The 2012 Northern Mariana Islands general election were held on Tuesday, 6 November 2012. The election coincided with the 2012 United States general elections. Voters in the Northern Mariana Islands voted for the non-voting delegate to the United States House of Representatives, 3 seats in the Northern Mariana Islands Senate, all twenty seats in the Northern Mariana Islands House of Representatives, 4 mayors, seats for the municipal council, seats for the board of education, and 2 judges. Additionally, three referendums were held.

== Delegate to the US House of Representatives ==

Incumbent Delegate Gregorio Kilili Camacho Sablan, an independent who caucuses with the Democratic Party, ran against Republican Candidate Ignacia Tudela Demapan for re-election. Gregorio Sablan, first elected in 2008, had held the seat since its creation in 2009. When Sablan announced his campaign, he drew a crowd including members of the three political parties as well as independents. The politically diverse crowd showed their support to Sablan, displaying unity behind a single candidate. Delegate Gregorio Sablan was re-elected by a massive 60-point spread, with nearly four-fifths of the vote, the largest margin of victory in the history of the Northern Mariana Islands. The Northern Mariana Islands' non-voting delegate to the U.S. House of Representatives was elected for a two-year term.
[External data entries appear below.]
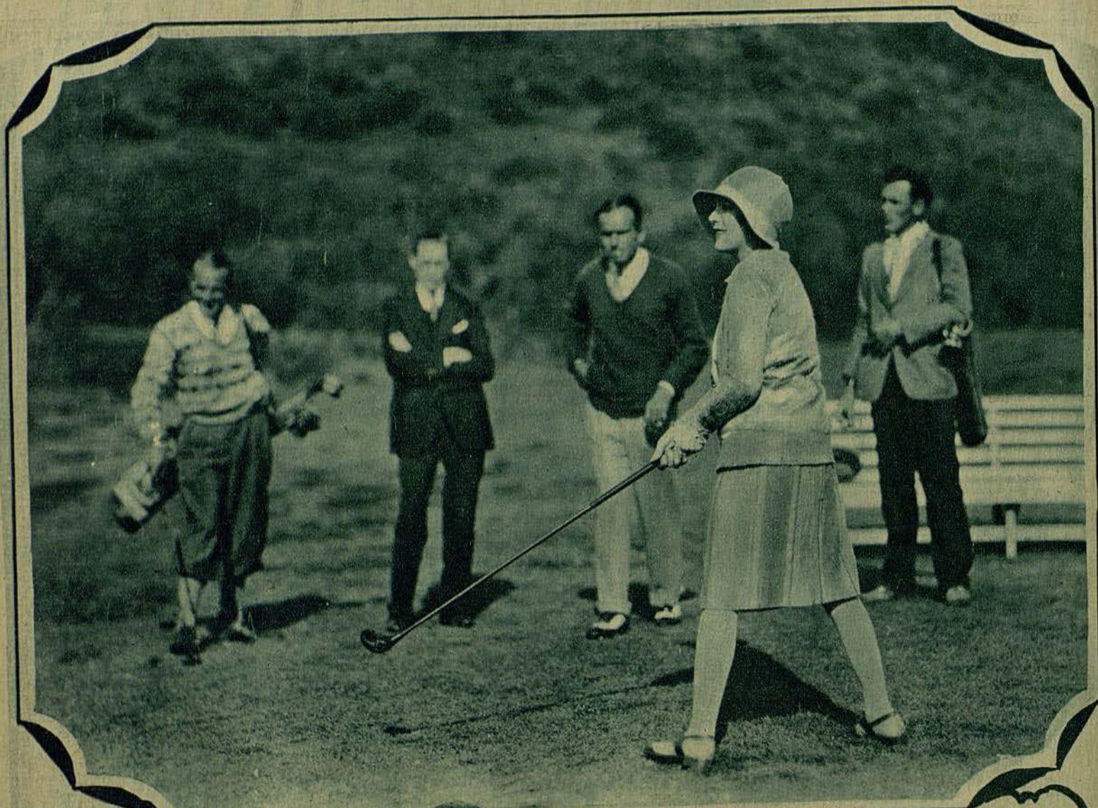
Mary Pickford demuestra su destreza en el golf, en el Riviera Golf Club, de California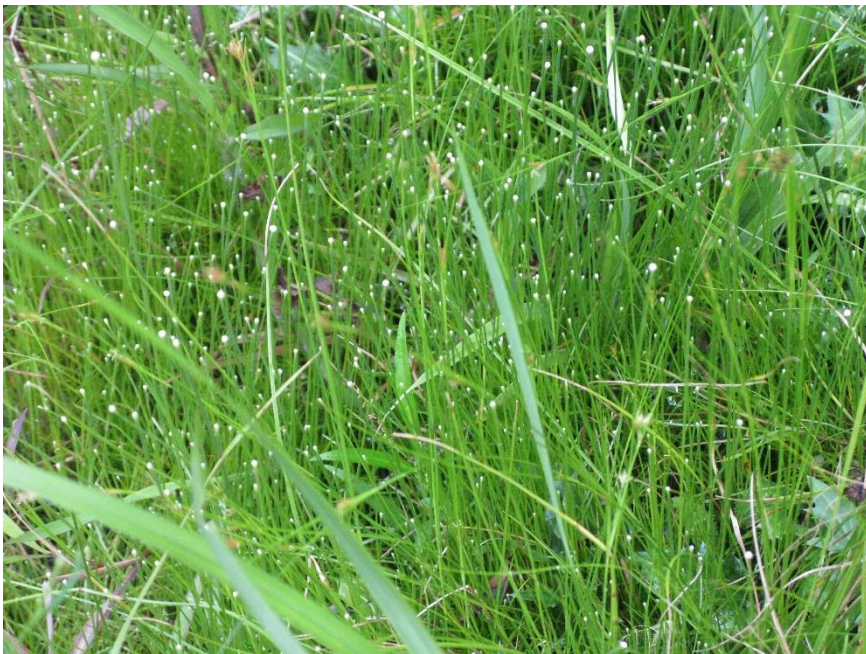
島田緑地 シラタマホシクサ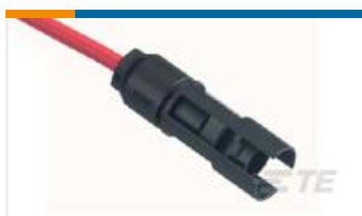
TE 产品编号6-1394461-2 PHOTOVOLT CONN PIN NEUTRAL 4 s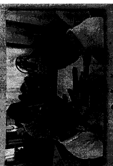
การเตรียมตัวก่อนเข้าทำงาน (การฝึกงานเบื้องต้น)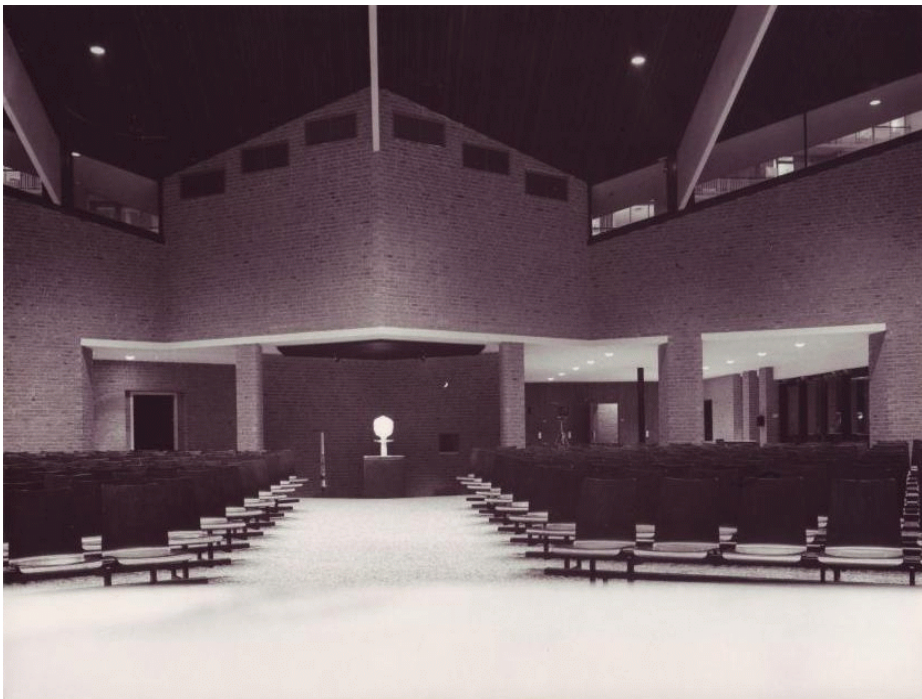
Interieur Emmaus kerk

De Emmausparochie bleef wel bestaan. Zij maakte voor haar vieringen gebruik van het Johannescentrum, waar al een goede band mee bestond. Daar ontstond ook een sterke oecumenische geloofsgemeenschap.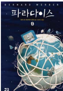
〈파라다이스〉 (열린책들) "Paradis sur mesure"

Ancien journaliste scientifique, Bernard Werber connaît son premier succès avec “Les fourmis”, publié en 1991, et fait une irruption remarquée sur la scène littéraire. Un succès qui depuis ne cesse de se confirmer avec des ouvrages traduits dans plus d’une vingtaine de langues.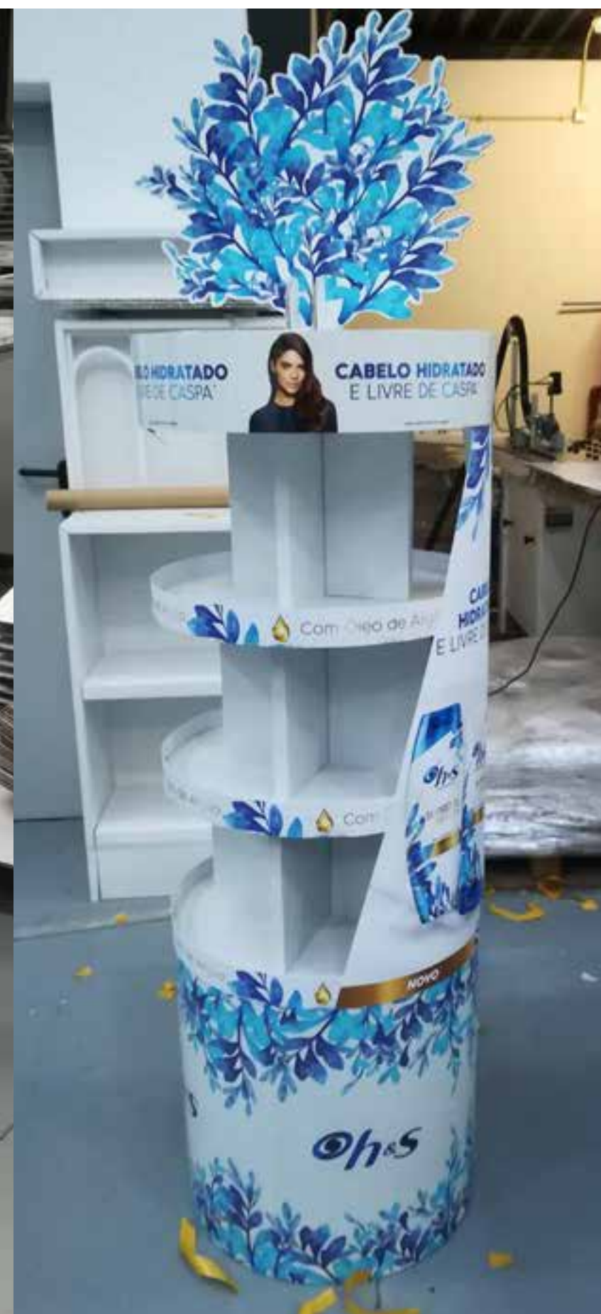
PROJETO Ilhas Ogx e H&S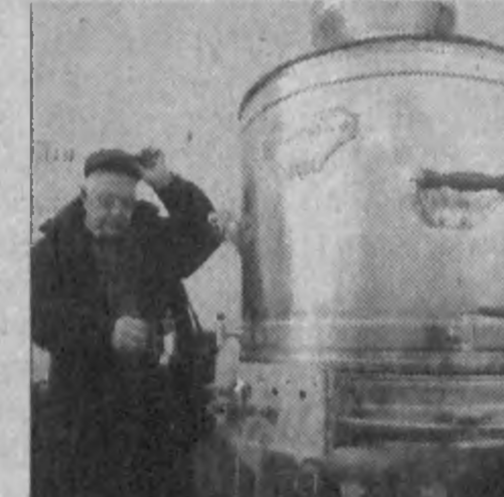
Чайку извоните? Из самовара высотой 1,75 метра можно налить 295 литров.

В настоящее время государства используют запасы золота прежде всего для регулирования курса национальной валюты. В зависимости от того, нужно ли ее укрепить или ослабить, центробанк покупает или продает золото на открытом рынке.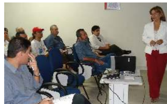
Lançamento da Cartilha dos Direitos do Idoso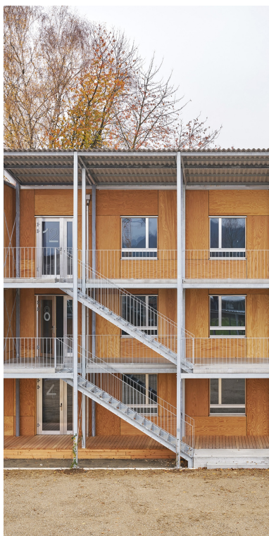
Escalier reliant les trois étages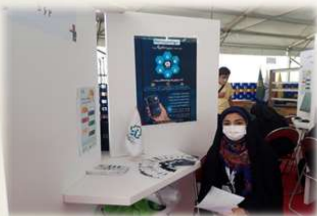
تیم همایش یار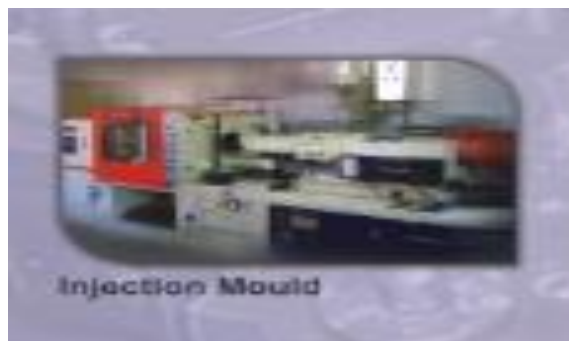
Gambar 2.4 Injection Mould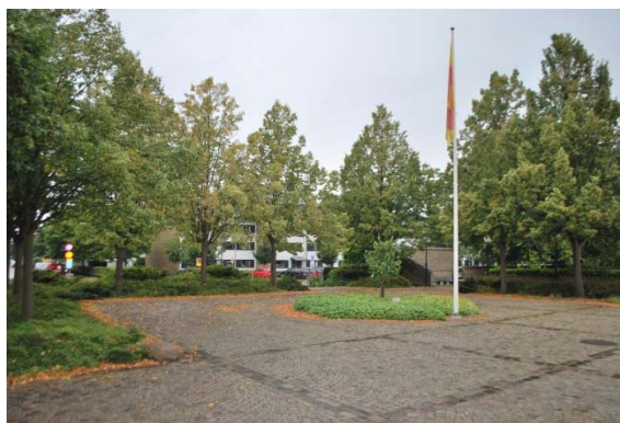
Platån, kyrktorget, mellan väg och kyrka.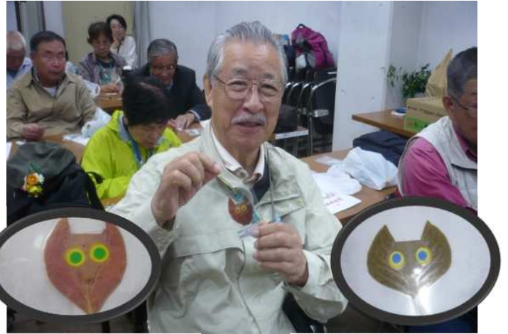
3-2 「しおり」落ち葉のしおり完成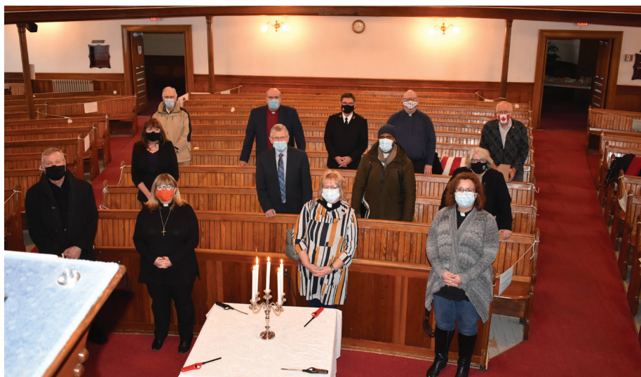
Denominational Leaders and Executive Members of the St. John’s and Area Council of Churches (St John’s, NL) gather to prepare a video of 2021 WPCU service to share with local congregations. | Les leaders des confessions et les membres du bureau de direction du Conseil des Églises de St. John’s et de la région (St. John’s, T.-N.) se rassemblent pour préparer une vidéo du service de la SPUC 2021 pour communiquer à leurs assemblées locales.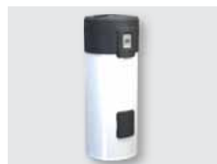
270 Scalda acqua in pompa di calore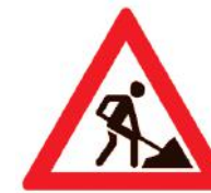
Знак 1.25 , на котором нарисован человек с лопатой, называется « Дорожные работы ».

Знаком обозначают участок дороги, где имеются опасности, не предусмотренные другими предупреждающими знаками. Характер «опасности» может быть детализирован дополнительной табличкой или надписью, которые, как правило, размещаются под знаком.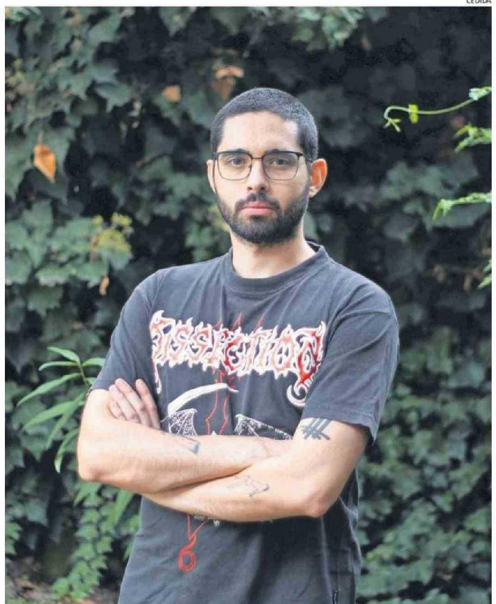
"ME PARECIÓ UN DEBER PUBLICAR ALGO PARA QUE SE HABLE DEL TEMA" SALUD MENTAL, DICE EL AUTOR.

— Afortunadamente soy independiente, no tengo que darle explicaciones a nadie y para mí es un tema súper importante: así como hay gente que tiene la bandera de lucha de los pueblos indígenas u otra causa, mi bandera es la salud mental, y tengo el privilegio de que se me da la escritura, que sé mucho del tema y me pareció más bien un deber publicar algo para que se ha-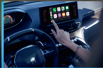
PEUGEOT i-cockpit® con pantalla de 10" HD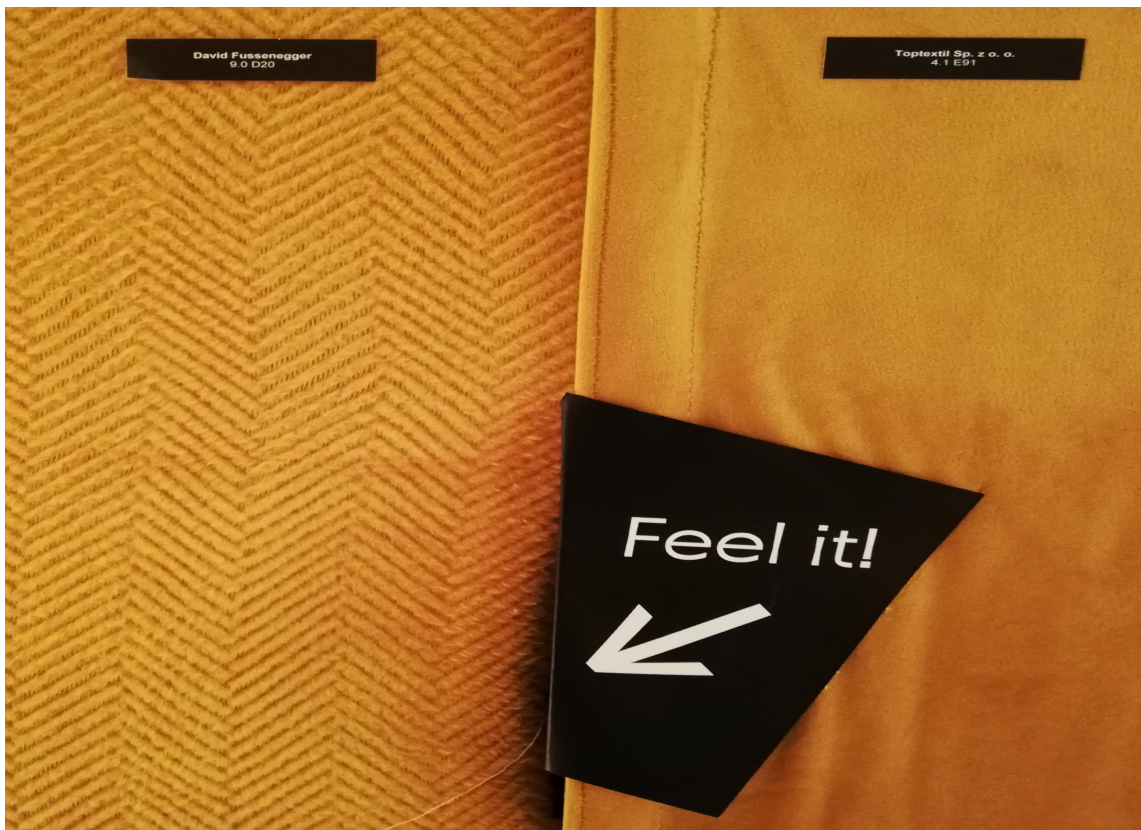
FØLE: I trendutstillingen ble vi med store bokstaver ble vi oppfordret til å la fingrene stryke og ta på de ulike overflatene.

It would be the first time that the election for the CNMI Delegate would be held during the CNMI general elections rather than on its own.

Northern Mariana Islands's at-large congressional district
| Party |  | Candidate | Votes | % | ±% |
|  | Independent | Gregorio Kilili Camacho Sablan (incumbent) | 9,829 | 79.70% | +36.47% |
|  | Republican | Ignacia Tudela Demapan | 2,503 | 20.30% | N/A |
| Total votes |  |  | 12,332 | 100.00% |  |
|  | Independent hold |  |  |  |

== Northern Mariana Islands Commonwealth Legislature ==

===Results summary===

| Parties |  | House Election Results |  | Seat Change | Party Strength |
| 2009 | 2012 | +/− | Strength |
|  | Independent | 4 | 12 | 8 | 60.00% |
|  | Republican | 9 | 4 | 5 | 20.00% |
|  | Covenant | 7 | 4 | 3 | 20.00% |
|  | Democratic | 0 | 0 | Steady | 0.00% |
| Totals |  | 20 | 20 | Steady | 100.00% |

| Parties |  | Senate Election Results |  | Seat Change | Party Strength |
| 2009 | 2012 | +/− | Strength |
|  | Republican | 5 | 5 | Steady | 55.56% |
|  | Independent | 4 | 4 | Steady | 44.44% |
|  | Covenant | 0 | 0 | Steady | 0.00% |
|  | Democratic | 0 | 0 | Steady | 0.00% |
| Totals |  | 9 | 9 | Steady | 100.00% |

===Senate===
The Northern Mariana Islands Senate is the upper house of the Northern Mariana Islands Commonwealth Legislature, consisting of nine senators representing three senatorial districts (Saipan & the Northern Islands, Tinian & Aguijan, and Rota), each a Multi-member district with three senators. Each district had one seat open for the 2012 elections.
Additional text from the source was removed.